**GOAL OF THE EXERCISE:** Write each line out exactly, from the one containing "AhfuLife 24 Sheets" through the final line of the data, and keep pictures out of the copy.

**DATA:**

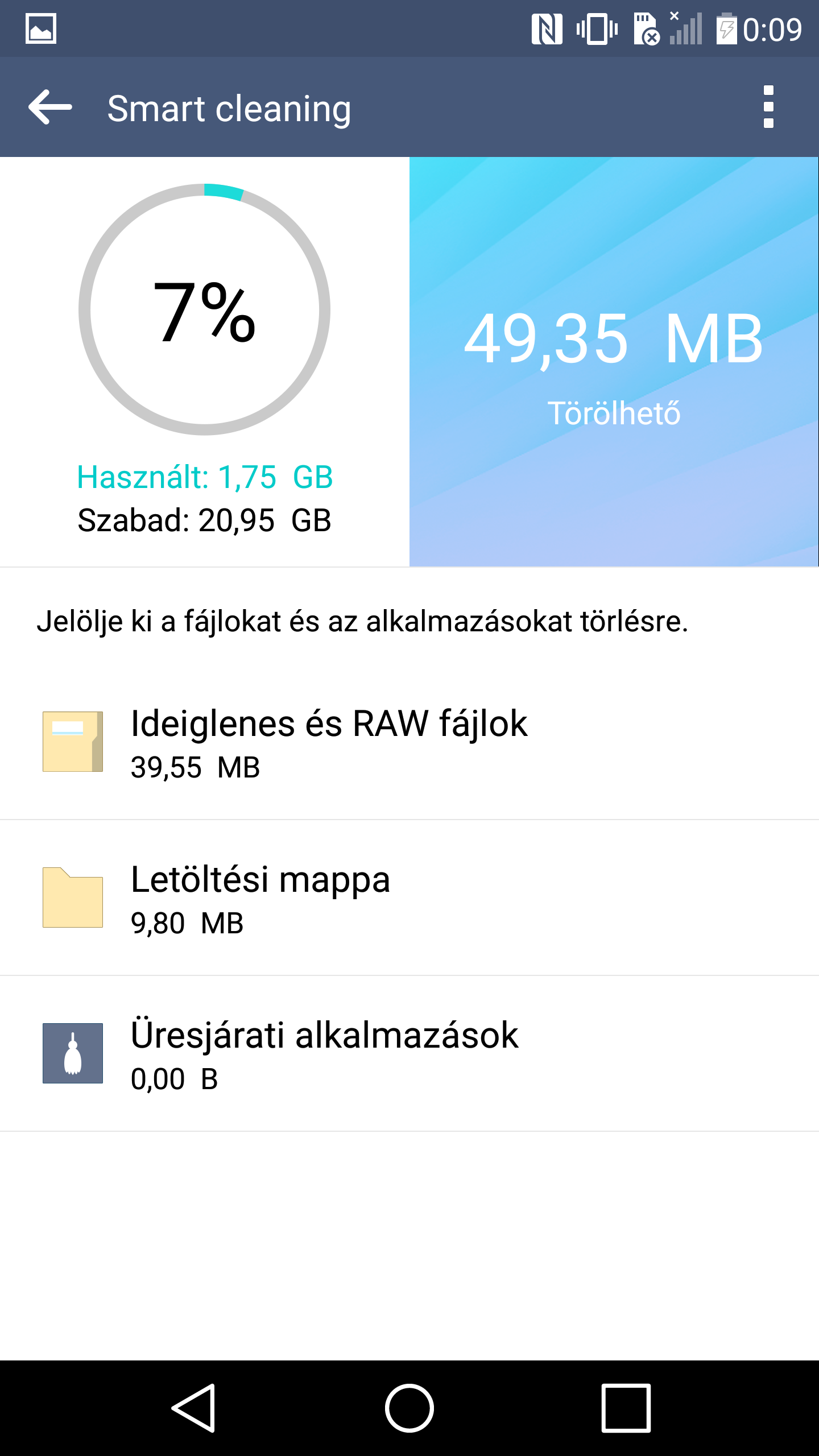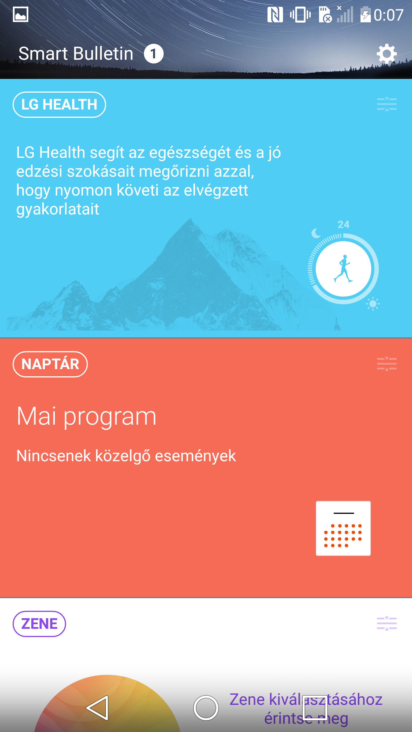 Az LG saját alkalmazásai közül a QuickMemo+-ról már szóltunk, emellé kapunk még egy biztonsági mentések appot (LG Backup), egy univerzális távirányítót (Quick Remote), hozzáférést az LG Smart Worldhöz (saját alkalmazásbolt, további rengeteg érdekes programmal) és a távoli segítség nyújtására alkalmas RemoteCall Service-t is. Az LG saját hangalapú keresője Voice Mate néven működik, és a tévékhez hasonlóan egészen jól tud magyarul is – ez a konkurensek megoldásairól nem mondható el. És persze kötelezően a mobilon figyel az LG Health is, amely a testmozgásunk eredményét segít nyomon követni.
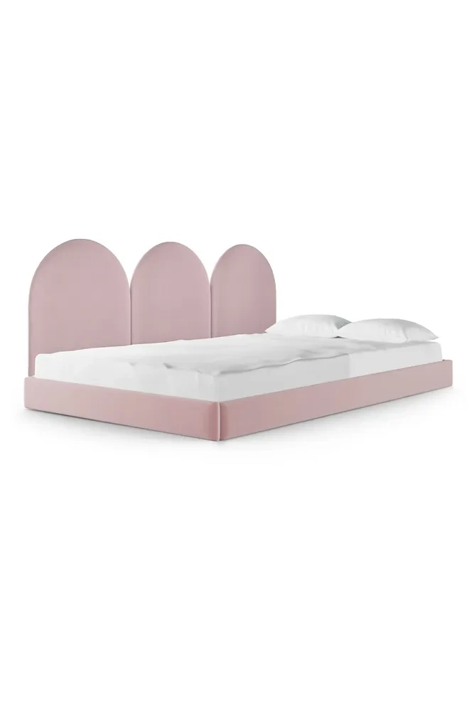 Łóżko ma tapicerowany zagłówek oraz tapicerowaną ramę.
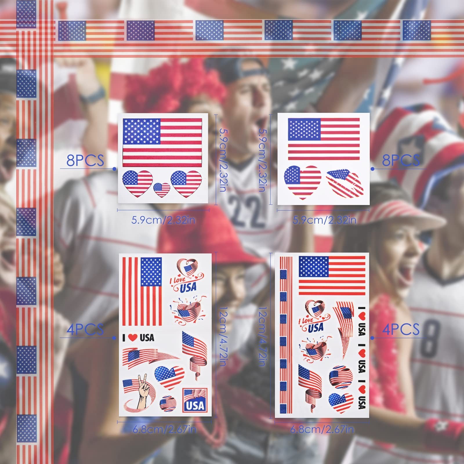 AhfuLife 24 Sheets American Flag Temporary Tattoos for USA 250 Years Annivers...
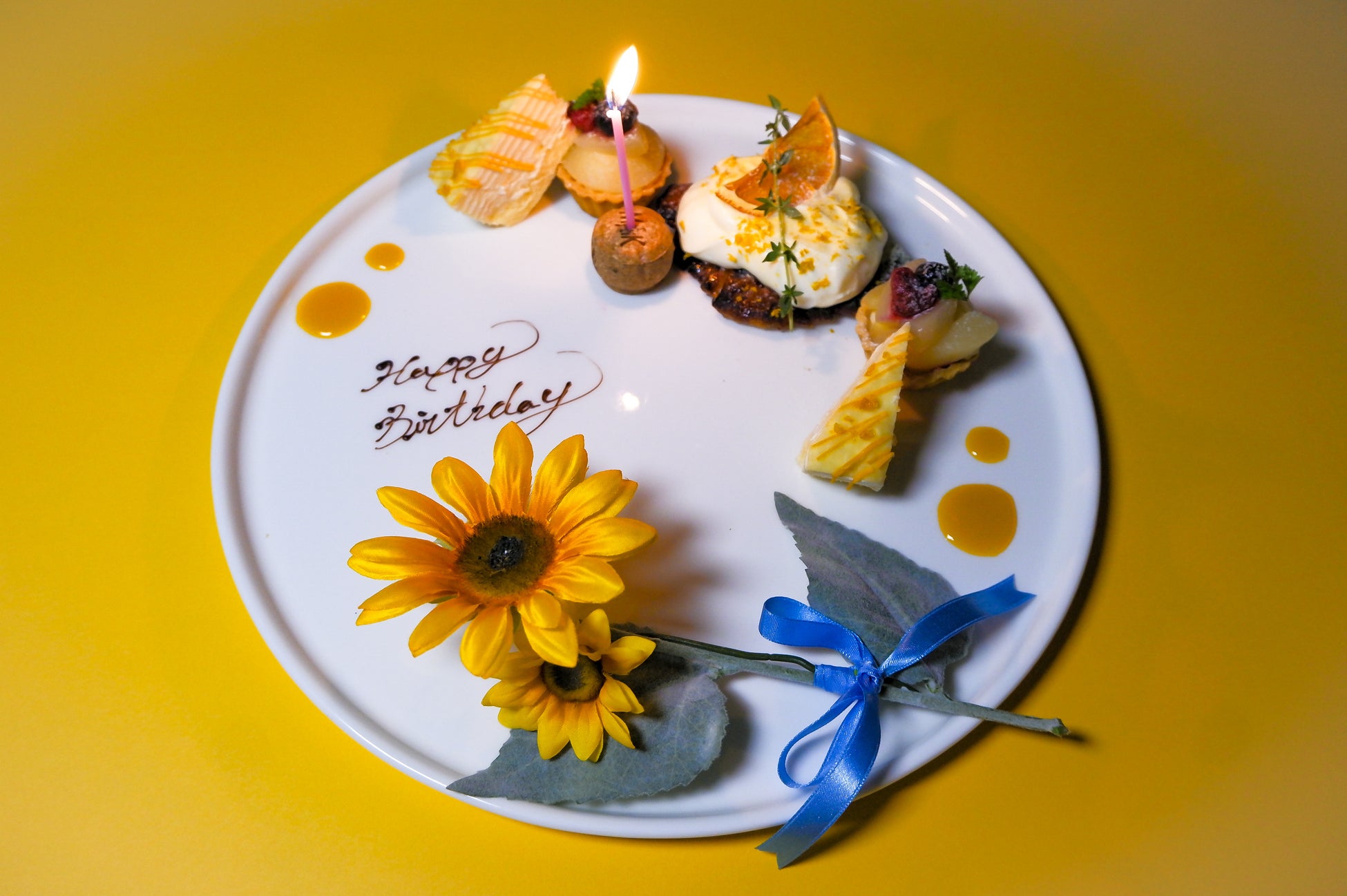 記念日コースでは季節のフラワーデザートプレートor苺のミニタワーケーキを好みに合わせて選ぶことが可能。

**TASK RESPONSE:**
 AhfuLife 24 Sheets American Flag Temporary Tattoos for USA 250 Years Annivers...
 記念日コースでは季節のフラワーデザートプレートor苺のミニタワーケーキを好みに合わせて選ぶことが可能。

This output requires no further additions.